Greta Gerwig, ©Merie Wallace and A24

Some people might question the value of putting female directors in a spotlight, and to them I say: the fact that it’s a question at all is reason enough. Just look at the general reaction from the public whenever someone singles out female achievement. The knee-jerk response tends to be “who cares?” and “doesn’t equality mean treating everybody equally?” Well, yes and no. In a perfect world, yes. In our systemically biased world, no. Let’s break it down into numbers. 2019 has seen a record high of female directors in high-profile films, and do you know what that record high is? 12 (potentially 14!) of the 100 top-grossing films. That’s 12%. TWELVE. The fact that this number is being celebrated is both exciting and deeply, deeply sad. So while I would love to take women’s achievements in directing for granted, we’re still in a place where a woman succeeding behind the camera is a minor novelty. So yeslet’s continue to spotlight them, until it’s no longer interesting to do so!   

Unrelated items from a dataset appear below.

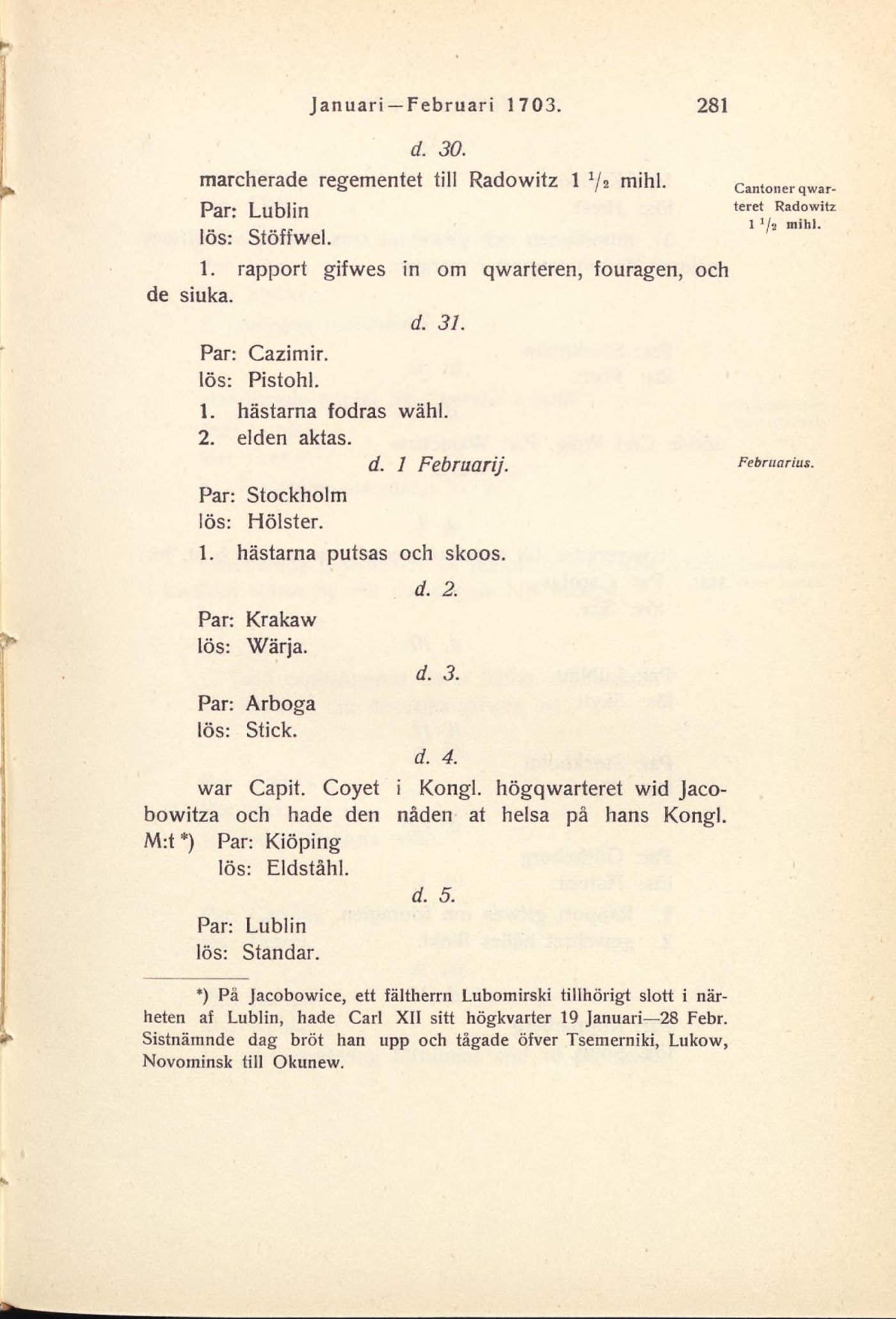 närheten af Lublin, hade Carl XII sitt högkvarter 19 Januari—28 Febr.
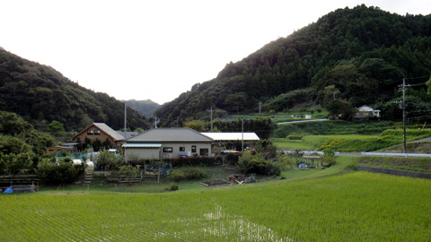 長沢の集落。田植えが終わっている。二期作?
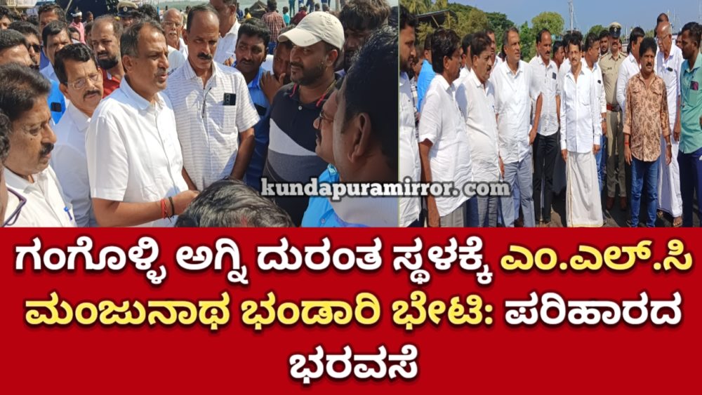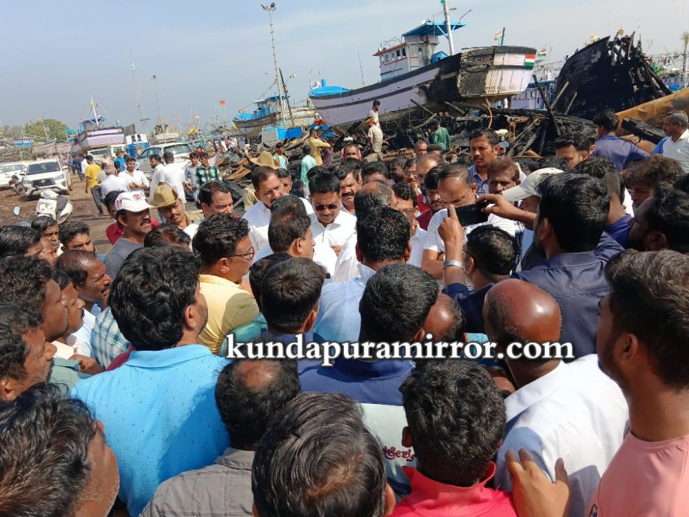 ಅವರು ಮಂಗಳವಾರ ಗಂಗೊಳ್ಳಿ ಬಂದರು ಸಮೀಪದ ಮ್ಯಾಂಗನೀಸ್ ರಸ್ತೆ ದೋಣಿ ನಿಲುಗಡೆ ಪ್ರದೇಶದಲ್ಲಿ ಸಂಭವಿಸಿದ ಅಗ್ನಿ ದುರಂತ ಸ್ಥಳಕ್ಕೆ ಭೇಟಿ ನೀಡಿ ಪರಿಸ್ಥಿತಿ ಅವಲೋಕಿಸಿ, ಮೀನುಗಾರರಿಗೆ ಧೈರ್ಯತುಂಬಿದ ಬಳಿಕ ಮಾಧ್ಯಮದವರೊಂದಿಗೆ ಮಾತನಾಡಿದರು.
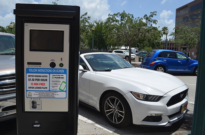 The city has begun installing pay stations on Main Street as it prepares to charge for some spots beginning next month.
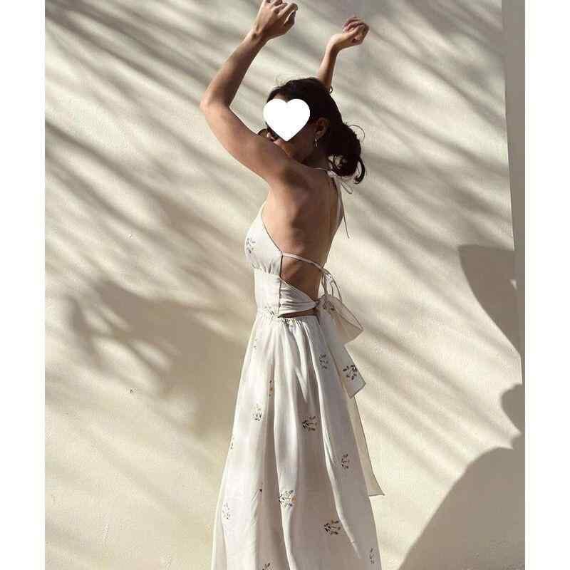 ワンピース レディース キャミソール ホルターネック オープンバック ロング丈 小花柄 ウエストマーク 細見え フレンチスタイル 高級感 春夏 ノースリーブ Aライン レトロ エレガント
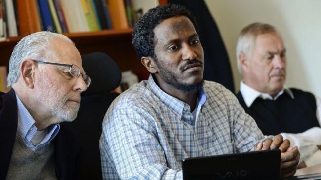 یونس فکری (وسط) به همراه وکیلش در کنفرانس خبری در استکهلم
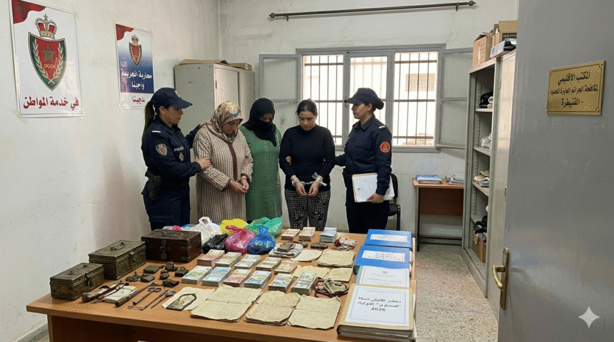 تمكنت عناصر الشرطة القضائية بولاية أمن بني ملال من وضع حد لنشاط شبكة إجرامية نسائية خطيرة مكونة من ثماني سيدات، تخصصن في النصب والاحتيال عبر استغلال معتقدات الشعوذة وما يعرف محليا بـ“السماوي” للإيقاع بضحاياهن.
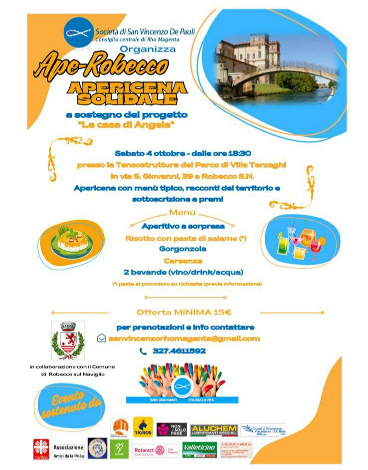 L’apericena del prossimo 4 ottobre a Robecco sul Naviglio sarà possibile solo grazie al supporto delle associazioni locali e degli sponsor che ci sostengono. E’ per questo che vogliamo ricordarli e ringraziarli tutti. Cliccando sull’associazione o sull’attività sarà possibile visitare il loro sito e trovare informazioni sulle loro attività.
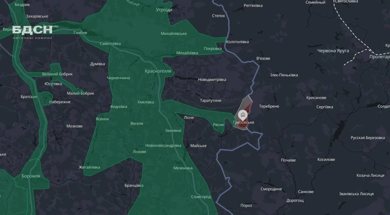 Аналитические ресурсы противника (DeepState) подтвердили переход под контроль РФ села Грабовское. Около 100 российских военных совершили внезапный рывок и закрепились в южной части села, продолжая движение в сторону Рясного.
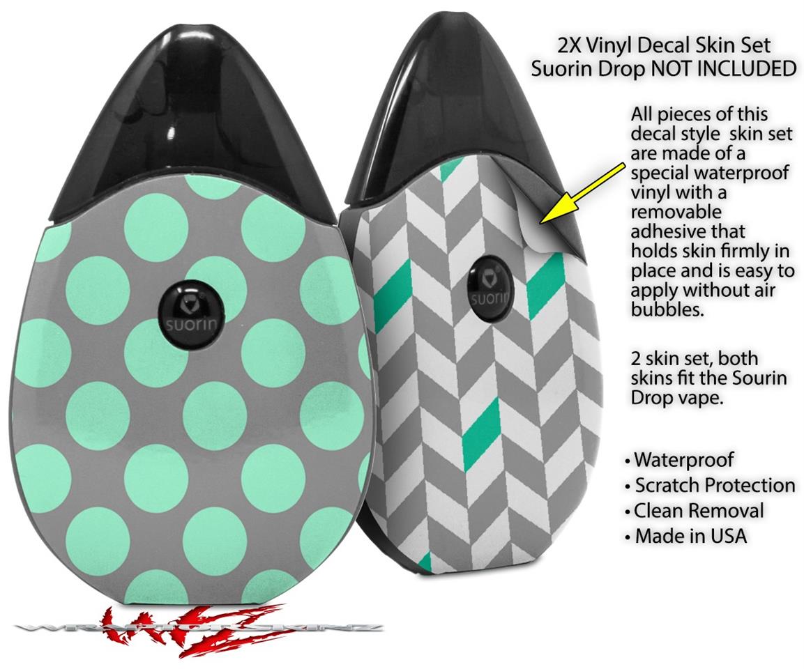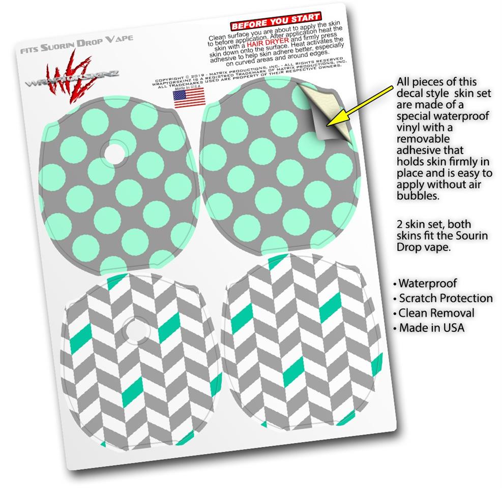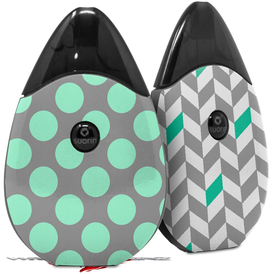 Skin Decal Wrap 2 Pack compatible with Suorin Drop Kearas Polka Dots Mint And Gray VAPE NOT INCLUDED
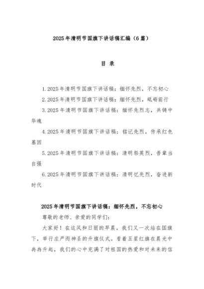 / 【七哥公文】2025年:(6篇)2025年清明节国旗下讲话稿汇编+更多免费公文+VX:QiGeGongWen2024
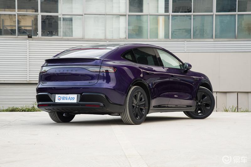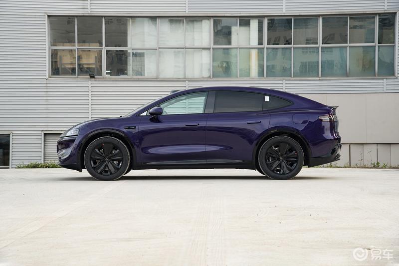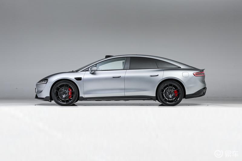 车身侧面,新车整体造型颇为饱满,在大溜背布局和隐藏式门把手、无框车门以及哑光镂空双五辐式轮毂等设计细节的加持下,能充分展现其侧颜的动态美感与时尚成分。
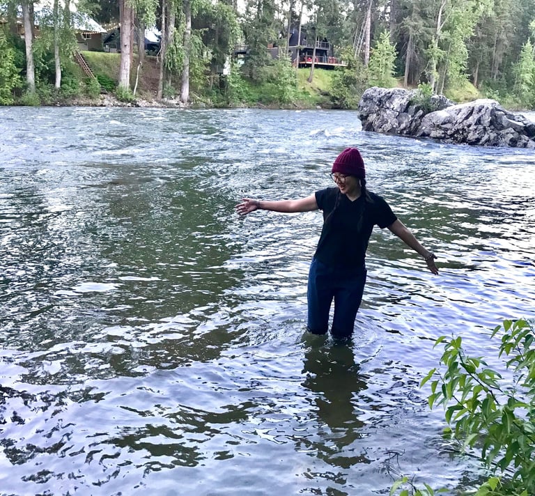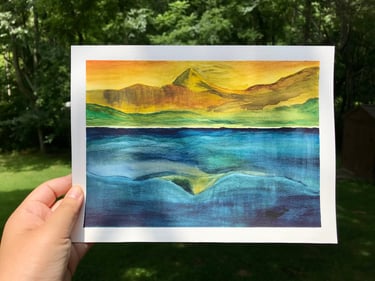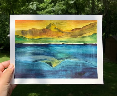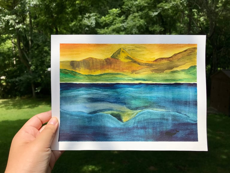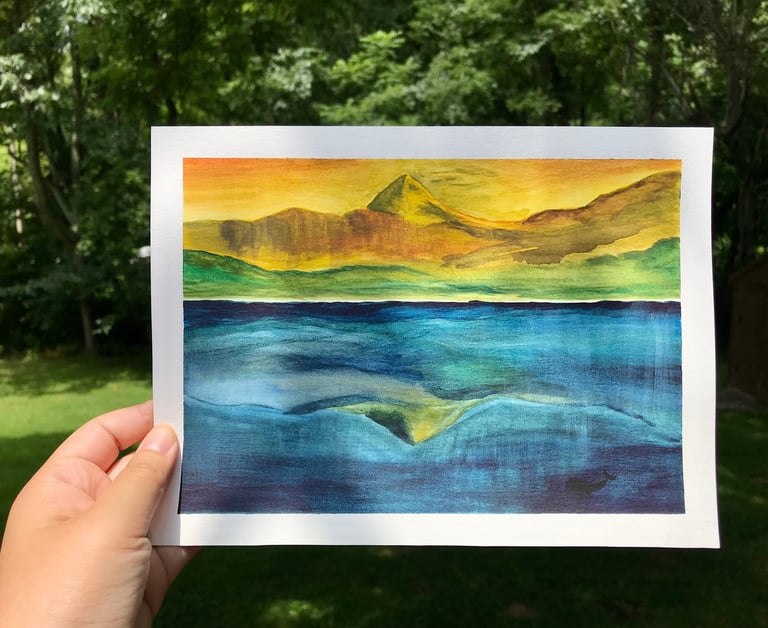 During the retreat, I felt God’s presence most through the river and water: the rolling water of nameless rivers along the way to the Guild; the Wenatchee River that flows beside the Guild. Through a painting of water as well I felt a strong pull from God. On the fifth day, our facilitator invited us for visio divina, the practice of asking God to speak through a piece of visual art, over a painting that the founder of Grunewald Guild, Richard Caemmerer, painted. This painting depicted a hill and its reflection over a calm, deep blue water. The sky was yellow, almost brown, puzzling to be dawn or sunset. The facilitator guided us to lay our eyes on the painting, place ourselves in the painting, and hear what the Spirit is telling us. I found myself buried beneath water. Mixed emotions - fear, alienation, lostness, isolation, gloom - flooded in that moment, which eventually charged me with desperation to be found by God. I felt confronted in disconnection from God but also assured in compassion of God. I have Creator of the Universe who meets me even underwater. Creator of the whale is after me. And as I kept staring, the painting suddenly placed me in Cheonji lake, a volcanic crater lake sitting on top of North Korea’s highest mountain, with the question, ‘How long, Lord? How long until You send my people in North Korea the Great Fish?’ Overwhelmed by questions and emotion, I ran back to my room, hid behind the closet, and cried for two hours. I wondered, ‘Either You will send the Great Fish, or make me walk on the water.’ With so many questions, I needed to make something. One of the artists let me borrow her watercolor supplies, so I went down to Wenatchee River and recreated the painting I saw. This process of watercoloring using the River water became a practice of embodying the Holy Spirit in my art.

But why should we care about women behind the camera? Well, for the same reason that it’s important for anyone to be behind the camera: to exert some level of control over representation, to give audiences as organic experience as possible. This is true of POC directors, LGBTQ+ directors, even white male directors. We all want our stories told, and we all want our stories to be appreciated. True representation brings us closer to something resembling understanding. Allowing people to tell their own stories opens up new worlds to audiences, which they may never have been able to experience otherwise. To quote Pocahontas (a problematic movie, I know—indulge me), “you’ll learn things you never knew you never knew.” We all have our own unique experiences and perspectives, which allow us to interpret the world differently and in turn provide insight for others that may not come naturally to them. None of us are born omniscient; we learn through exposure. Film is a helpful, no-brainer medium for that.